Set down all of the data exactly. Pictures stay out of the copy.

**Recorded information:**
____________________
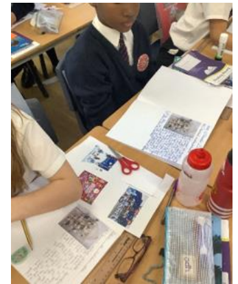
Year 5 loved investigating different calendars for their DT project.
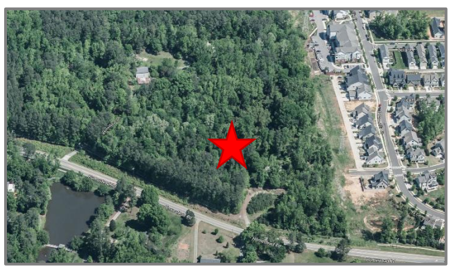
Figure 1. Image from Bing's Bird's Eye View of site.

The Town has received a petition from Adam and Omar Zinn, owners of Parker Lewis, LLC to rezone three contiguous parcels of land, along the north side of Homestead Road, from R-20 to R-3, Conditional, for the purpose of developing an Architecturally Integrated Subdivision (AIS) consisting of a combination of single family and multi-family units. The Town Council has set a public hearing date of June 6, 2023. Should the Town Council approve the rezoning, the applicants would follow with an application for a special use permit-A. The special use permit
____________________
**Expected answer:**
Year 5 loved investigating different calendars for their DT project.
Figure 1. Image from Bing's Bird's Eye View of site.

The Town has received a petition from Adam and Omar Zinn, owners of Parker Lewis, LLC to rezone three contiguous parcels of land, along the north side of Homestead Road, from R-20 to R-3, Conditional, for the purpose of developing an Architecturally Integrated Subdivision (AIS) consisting of a combination of single family and multi-family units. The Town Council has set a public hearing date of June 6, 2023. Should the Town Council approve the rezoning, the applicants would follow with an application for a special use permit-A. The special use permit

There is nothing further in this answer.